The main point of buffered input (used in most flight simulators, as well a lot of fighting video-games) it's to request inputs at any time, even if the request it is a synchronous operation (not in this specific case). Time-stamping it's necessary for event time measurement and synchronization with the game simulation. To do this we need microseconds because it's the most lower-level way and accurate method of measuring time without losing any floating point or double precision during the measurement.

The class that listens for input events (on its own thread) has its own thread-safe input buffer and its own timer. It can be one buffer for each device or some mechanism that helds until needed. When a event it's received its timer it's updated, so we have the current absolute time-elapsed that will be different each time we update (because some time has been elapsed). The current time it's used as the time-stamp of the event to be processed later. Also, the time was synchronized with the game logic time (the time that it's updated by the FIXED_TIME_STEP). If their last time values aren't the same, we will have incorrect results because one timer can be sightly more advanced of the other or vice-versa at the time of its creation.

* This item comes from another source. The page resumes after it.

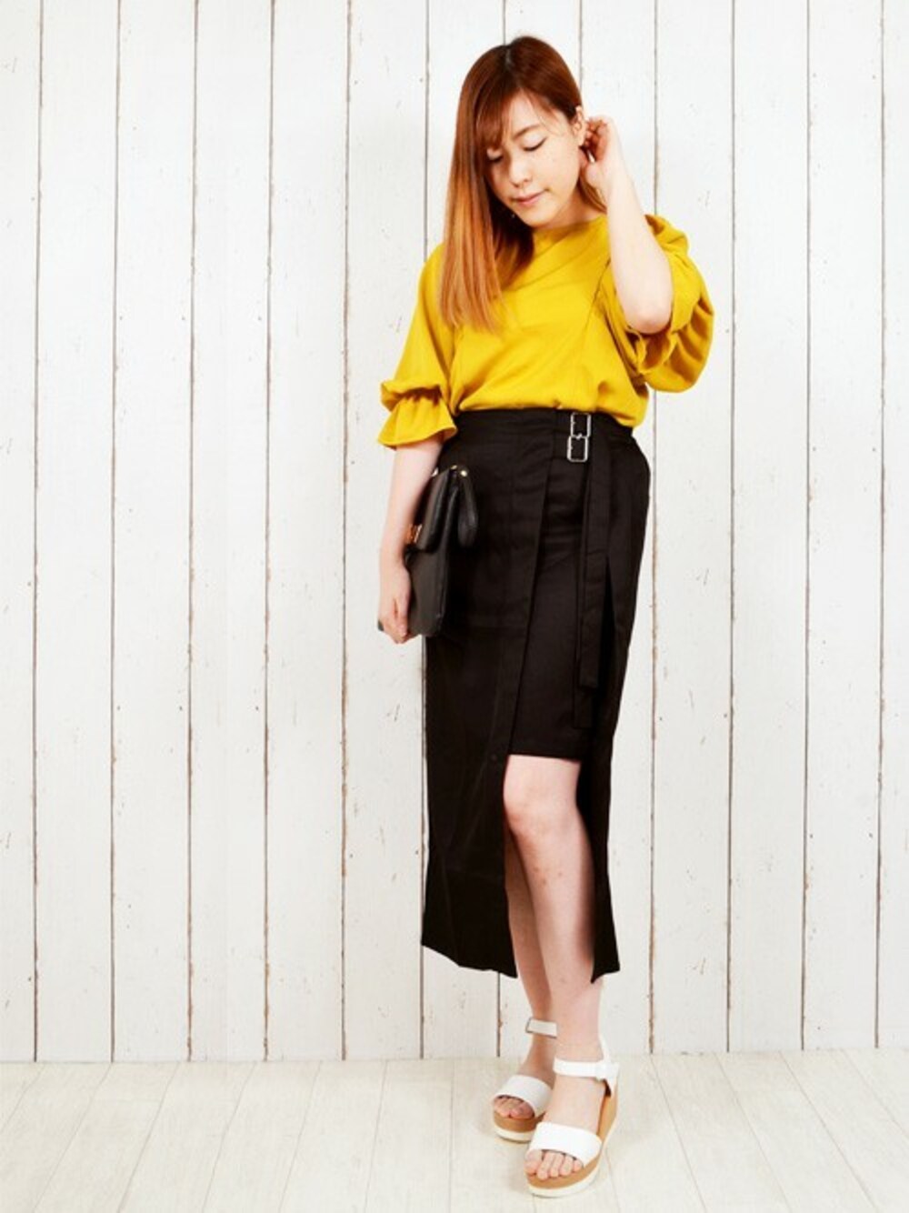 TOPS ▶ ジョーゼットギャザースリーブブラウス \2,473 BOTTOMS▶ シルケットツイルラップレイヤード風スカート \3,229 SHOES▶厚底ウェッジソールサンダル \2,689 イエロー×ブラックのお気に入りカラーコーデです♪ ジョーゼット生地のドレープ感がエレガントなブラウス💘 スリット風スカートは着やせ効果も!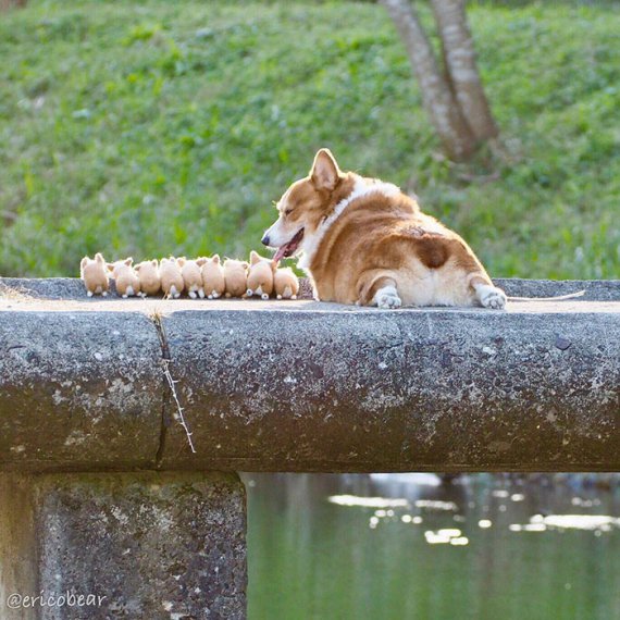 Харизматичний коргі Еріко заполонив Instagram. Його хазяйка з Японії обирає цікаві локації та атрибути. Зокрема, міні-версії Еріко, які пливуть за ним.

For each logical-update we request inputs from the input buffer up to the current logical game time. Why? Since the input buffer timer was synchronized with the game logical timer (starting from 0, updated by FIXED_TIME_STEP), and computes the amount of elapsed time since the last request, requesting inputs up to its current time it's the same of eating FIXED_TIME_STEP of inputs each logical tick, because the input timer get's updated by the current absolute time elapsed the time that an event occured, and thus it's related to the current logic-time slice because was synchronized at the beginning of the simulation. Relative-time at logical-tick space it's the keyword here.

If the user presses a button during the logical tick, that button could probably be consumed in the next logical tick or even the next frame; it's time-stamp will be probably very close to the current logical game time when the timer it's updated (depending of the current time of course).

The input buffer has a function that eats all inputs from its buffer up to the current logical game time and pass to a temporary game-side input buffer. The game logical input buffer it's cleared each logical tick. As rule of the thumb, the input thread input buffer shouldn't be cleared at all because doing that it's the same thing of skipping input events instead of passing it to another logical tick or even frame .

Once we have all setted up (received input up to the current logical game time) we can start doing something at game logical-side level. That's the time when we can think of some other high-level aspects of the input system such input logging, input contexts, input mapping, key durations, mouse, touch, gamepads, etc.